## Data supplied
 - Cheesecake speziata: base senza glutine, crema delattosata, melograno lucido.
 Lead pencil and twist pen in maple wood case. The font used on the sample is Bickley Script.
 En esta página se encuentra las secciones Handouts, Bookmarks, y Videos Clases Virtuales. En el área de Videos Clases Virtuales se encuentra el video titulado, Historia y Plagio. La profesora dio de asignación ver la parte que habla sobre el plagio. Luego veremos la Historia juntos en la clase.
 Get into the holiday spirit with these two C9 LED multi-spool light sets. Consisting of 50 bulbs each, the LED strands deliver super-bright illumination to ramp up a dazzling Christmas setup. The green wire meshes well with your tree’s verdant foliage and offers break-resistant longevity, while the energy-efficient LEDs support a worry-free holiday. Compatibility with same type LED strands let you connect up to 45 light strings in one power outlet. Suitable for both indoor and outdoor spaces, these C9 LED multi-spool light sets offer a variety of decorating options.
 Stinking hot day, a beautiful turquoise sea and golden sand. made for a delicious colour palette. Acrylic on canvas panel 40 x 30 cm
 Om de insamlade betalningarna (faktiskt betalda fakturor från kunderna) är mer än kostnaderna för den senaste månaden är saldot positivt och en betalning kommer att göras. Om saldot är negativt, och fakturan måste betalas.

...

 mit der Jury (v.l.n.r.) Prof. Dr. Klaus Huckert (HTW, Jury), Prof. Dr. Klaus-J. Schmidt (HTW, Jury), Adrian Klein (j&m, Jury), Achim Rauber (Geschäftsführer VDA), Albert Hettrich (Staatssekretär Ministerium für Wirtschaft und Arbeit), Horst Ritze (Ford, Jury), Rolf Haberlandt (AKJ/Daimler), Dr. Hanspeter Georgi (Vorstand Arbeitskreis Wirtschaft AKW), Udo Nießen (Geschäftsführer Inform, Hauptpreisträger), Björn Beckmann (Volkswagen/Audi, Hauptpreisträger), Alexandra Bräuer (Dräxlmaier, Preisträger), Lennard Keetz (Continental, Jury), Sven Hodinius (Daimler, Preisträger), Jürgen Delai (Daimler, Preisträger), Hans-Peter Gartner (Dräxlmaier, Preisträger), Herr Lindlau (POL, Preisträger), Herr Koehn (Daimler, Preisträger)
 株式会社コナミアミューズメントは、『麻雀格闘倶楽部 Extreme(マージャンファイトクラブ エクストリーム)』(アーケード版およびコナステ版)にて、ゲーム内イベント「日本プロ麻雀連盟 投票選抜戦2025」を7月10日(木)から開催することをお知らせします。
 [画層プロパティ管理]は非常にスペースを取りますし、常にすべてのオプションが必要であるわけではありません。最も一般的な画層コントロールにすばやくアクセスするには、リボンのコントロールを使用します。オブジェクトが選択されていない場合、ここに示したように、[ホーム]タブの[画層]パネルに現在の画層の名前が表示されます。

==

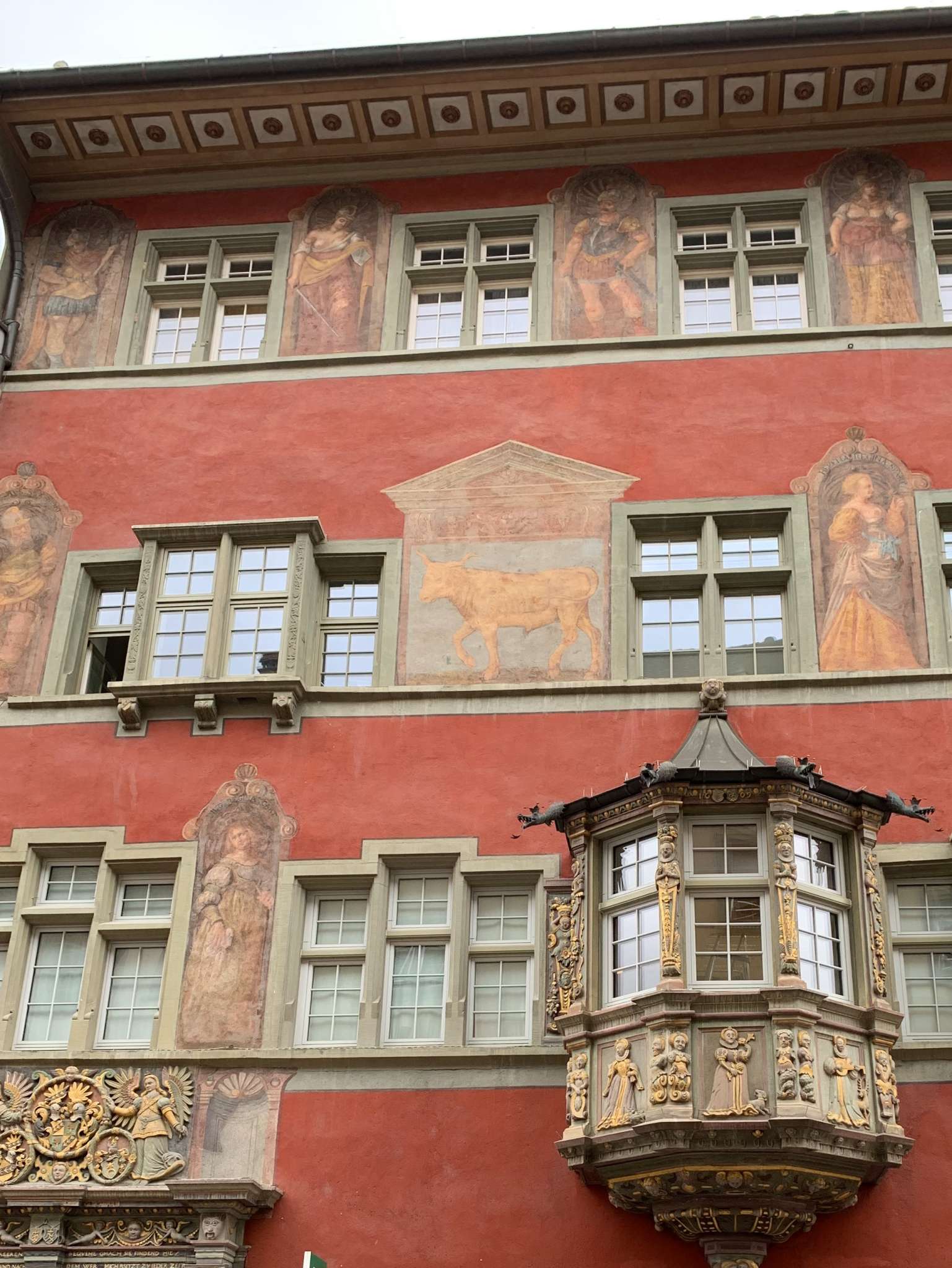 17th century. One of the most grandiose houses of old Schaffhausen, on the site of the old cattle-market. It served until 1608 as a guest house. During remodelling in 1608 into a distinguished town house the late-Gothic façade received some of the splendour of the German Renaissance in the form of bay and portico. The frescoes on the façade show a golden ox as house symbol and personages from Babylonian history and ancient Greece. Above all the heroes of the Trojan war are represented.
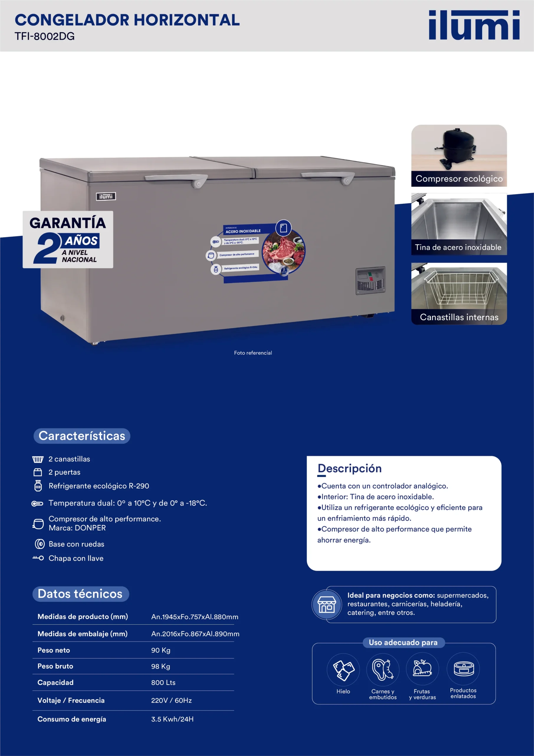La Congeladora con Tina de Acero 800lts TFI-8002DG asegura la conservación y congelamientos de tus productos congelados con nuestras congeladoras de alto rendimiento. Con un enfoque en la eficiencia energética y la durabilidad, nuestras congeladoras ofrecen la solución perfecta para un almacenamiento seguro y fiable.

## Task objective
Give only the lines from the one holding "Get into the" through the one holding "Om de insamlade", each restated exactly as it appears above.

## Solved problem
 Get into the holiday spirit with these two C9 LED multi-spool light sets. Consisting of 50 bulbs each, the LED strands deliver super-bright illumination to ramp up a dazzling Christmas setup. The green wire meshes well with your tree’s verdant foliage and offers break-resistant longevity, while the energy-efficient LEDs support a worry-free holiday. Compatibility with same type LED strands let you connect up to 45 light strings in one power outlet. Suitable for both indoor and outdoor spaces, these C9 LED multi-spool light sets offer a variety of decorating options.
 Stinking hot day, a beautiful turquoise sea and golden sand. made for a delicious colour palette. Acrylic on canvas panel 40 x 30 cm
 Om de insamlade betalningarna (faktiskt betalda fakturor från kunderna) är mer än kostnaderna för den senaste månaden är saldot positivt och en betalning kommer att göras. Om saldot är negativt, och fakturan måste betalas.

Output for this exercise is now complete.